In order to enable the exclusion of peptides originating from genetically highly variable areas, the mutation frequency of each amino acid within the SARS-CoV-2 genome was computed (see Materials and methods for details). The genes that those peptides originate from are likely to mutate, hence the inclusion of such peptides might lower the vaccine efficacy over time. From the analysis of 8,639 complete genome sequences, obtained from different SARS-CoV-2 isolates, which then were translated into protein sequences, the mutation frequency at each amino acid position was computed. For each peptide in the SARS-CoV-2 proteome, the maximum mutation frequency was calculated (see Materials and methods), and peptides with the resulting score ≥ 0.05 (marked in color in Table 3 and Table 4 ) are considered to be highly variable (HV) and should be disregarded as vaccine components. 13 amino acid positions were observed to contain mutations in at least 5% of the selected sequences. Among these, as many as 9 amino acid positions were mutated in more than 10% of the selected sequences, while 2 positions showed mutations in fully half of the samples (more than 50%). In Table 5 Within the top-50 immunogenic peptides originating from the SARS-CoV-2 structural and non-structural proteins (NSPs), 1 and 3 HV peptides were found, respectively.

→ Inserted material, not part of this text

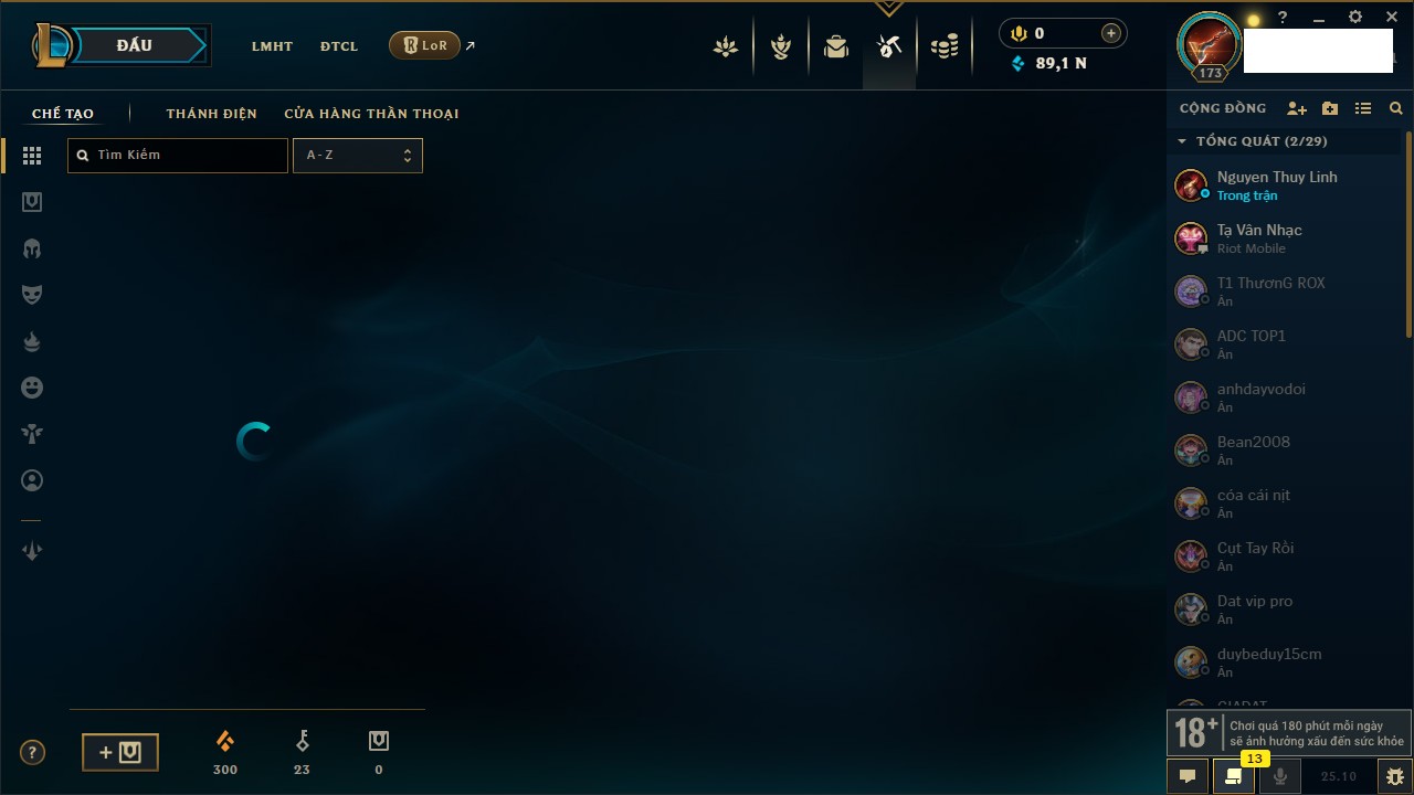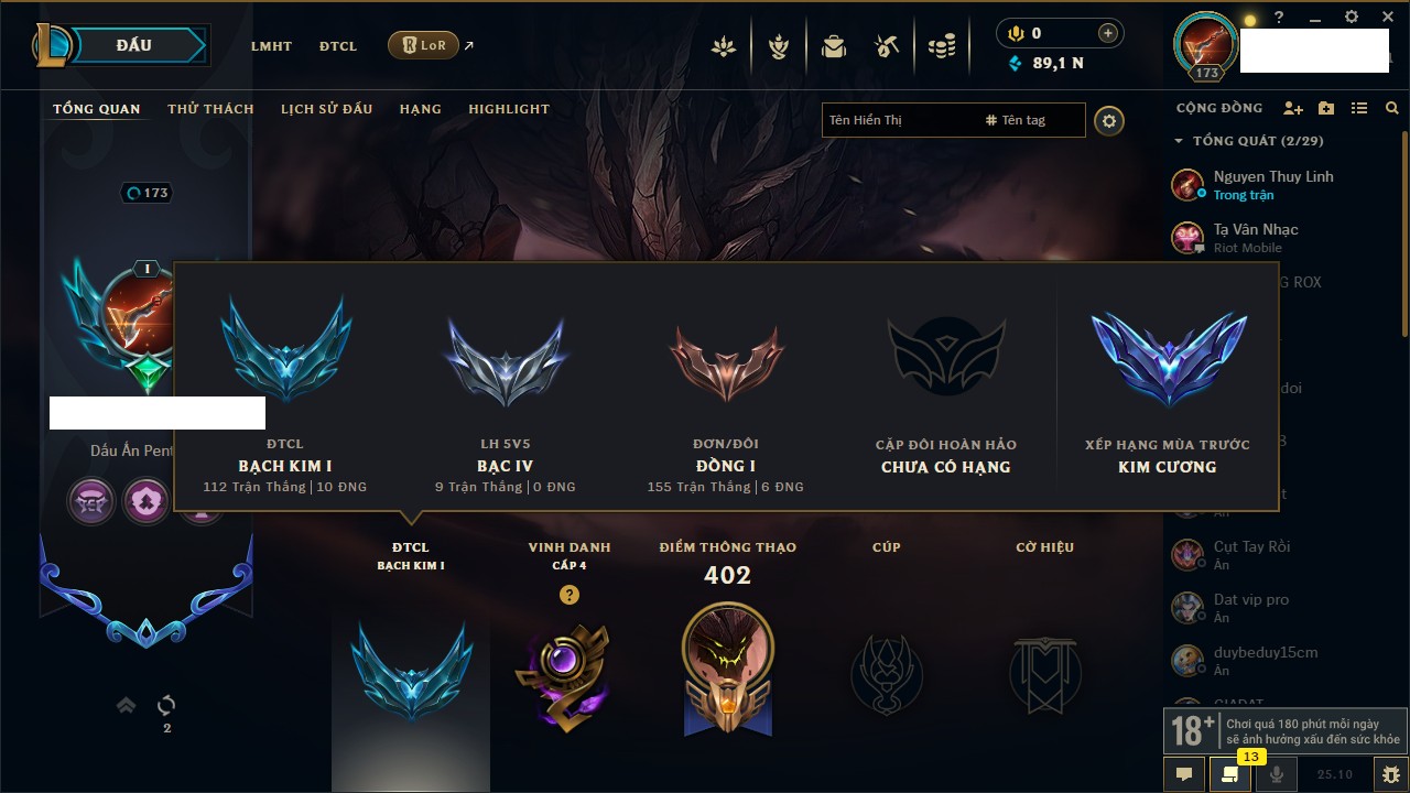Rank Đơn: Bạc IIKhung: VàngTướng: 171 - Còn 332462 THXTrang Phục: 165Rank ĐTCL: Kim Cương IVLinh Thú: 181

Each peptide derived from the SARS-CoV-2 proteome was studied to ascertain the lack of similarity with peptides present in the reference human proteome. When administered in a vaccine, epitopes highly similar to peptides presented by the host's healthy tissues could either trigger an unwanted immune self-reaction or be tolerated by the immune system. In both cases, these peptides should be eliminated from the vaccine composition. A total of 11 SARS-CoV-2-derived peptides with moderate similarity to human proteins were found (E-value ≤ 4). Of these, 4 were significantly similar (E-value ≤ 1) and thus should be avoided (see Supplementary Data 1). None of these peptides were found within the top-100 ranked peptides.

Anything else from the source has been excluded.